- DVD cover
- Genre: Drama
- Written by: Stuart Margolin
- Directed by: George McCowan
- Starring: Lee Majors Joey Heatherton Pat Hingle Jimmy Dean Barbara Leigh Jill Haworth Marvin Gaye Agnes Moorehead
- Music by: Billy May
- Country of origin: United States
- Original language: English

Production
- Executive producers: Aaron Spelling Danny Thomas
- Producer: Aaron Spelling
- Cinematography: Henry Cronjager Jr.
- Editor: Bob Lewis
- Running time: 74 minutes
- Production company: Thomas/Spelling Productions

Original release
- Network: ABC
- Release: November 18, 1969

= The Ballad of Andy Crocker =

The Ballad of Andy Crocker is a 1969 American made-for-television film produced by Thomas/Spelling Productions, which was first broadcast by ABC on November 18, 1969, in the anthology series ABC Movie of the Week.

The film tells the story of a young man's struggle to reclaim his life after fighting in the Vietnam War. It tells a surreal, allegorical tale, similarly to The Swimmer starring Burt Lancaster. Written by actor Stuart Margolin, the film is notable as being one of the first films to deal with the subject matter of Vietnam veterans "coming home". It is also noted for its unusual casting, which placed a number of noted musical artists in key acting roles, including Jimmy Dean and Marvin Gaye.

==Plot==
Andy Crocker is a soldier who is wounded in a firefight in Vietnam and awarded the Purple Heart. After leaving his best friend David, he meets a young hippie girl who invites him to a party. The men at the party do not want him present; Crocker leaves and returns their hospitality by stealing one of their motorcycles that he rides home to Dallas, Texas, where he reunites with his parents. Crocker says that all that kept him going during the trials of Vietnam was his dreams of running a motorcycle racing track and repair shop and marrying his sweetheart, Lisa.

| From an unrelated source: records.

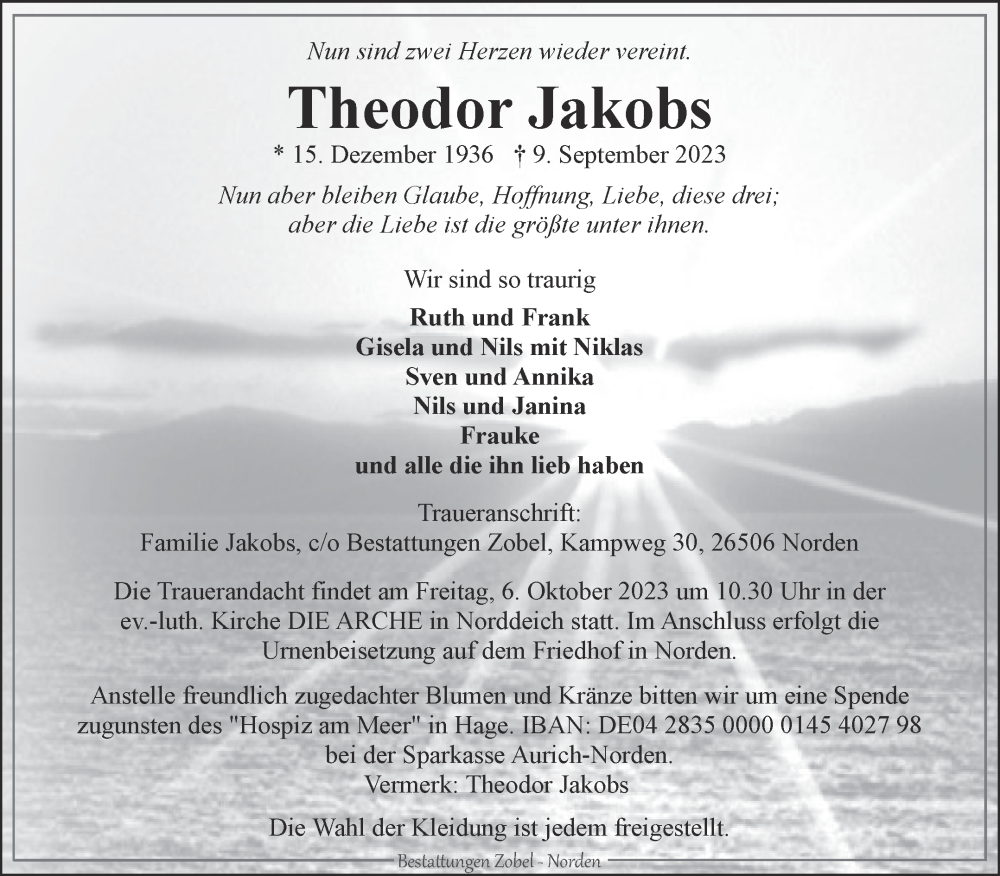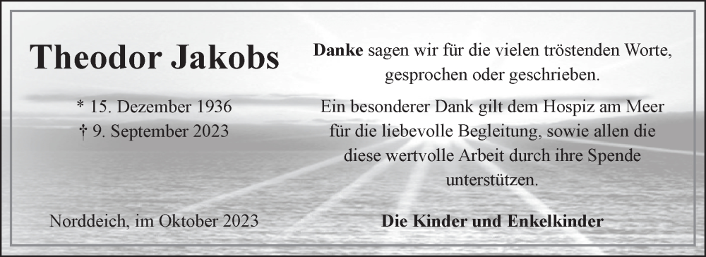 Hier finden Sie alle Traueranzeigen aus der Zeitung, die bisher für Theodor Jakobs erschienen sind. Weitere Traueranzeigen, die in der Zeitung erscheinen, werden hier ebenfalls aufgelistet
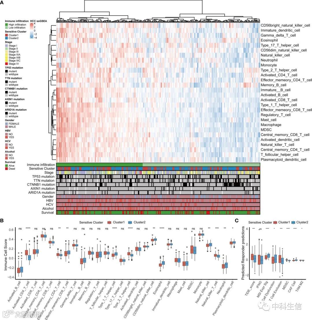 使用来自 TCGA-LIHC 数据集的基因组数据分析了两个集群中体细胞突变的分布,选取CTNNB1 (HCC 中常见的治疗抗性基因)和TP53(HCC 的主要驱动基因)比较两个簇之间突变差异。随后使用ssGSEA 选择了基质 TME 的几个标志物进行比较不同簇间的差异。
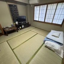 Although he doesn't speak English well, he is very kind. Since I don't speak Japanese well, I communicated with a translator, and he kindly explained the room, shared bathroom, etc. in detail.👍 Maybe it's because of the area, but it's dark from the moment you get off the station even at 7 PM. I think the business hours of nearby stores are short. There aren't many restaurants around the accommodation except for a convenience store. Instead, it's close to the ferry terminal to Nagoya Airport. I recommend it to those who want to experience a tatami room at a low price.

Crocker, however, soon discovers that his friends and loved ones have moved on while he was in Vietnam and away for three years. Lisa has married another man (her "Dear John" letter to Andy apparently never received), and a friend entrusted to take care of the unsuccessful motorcycle track business and repair shop (Mack) has made arrangements to sell it out from under Andy. An attempt at rekindling his relationship with Lisa ends in disaster.

Ultimately, Andy finds himself running afoul of Lisa's family (particularly her rich mother, who offers Andy a loan to help save the racetrack business as long as he leaves town), and the law after he punches Mack for betraying him. Fleeing from the Dallas area, Andy eventually finds himself in San Francisco where he briefly reunites with his old army friend David. Afterwards, realizing he has nowhere else to go, he sits down in front of a U.S. Army Recruiting Office and waits for the doors to open.

==Production==
Aaron Spelling attempted to buy the film and show it in theatres but ABC refused.

According to Allmovie, the film was intended as a pilot for a potential weekly series ("Corporal Crocker"), but no series eventuated.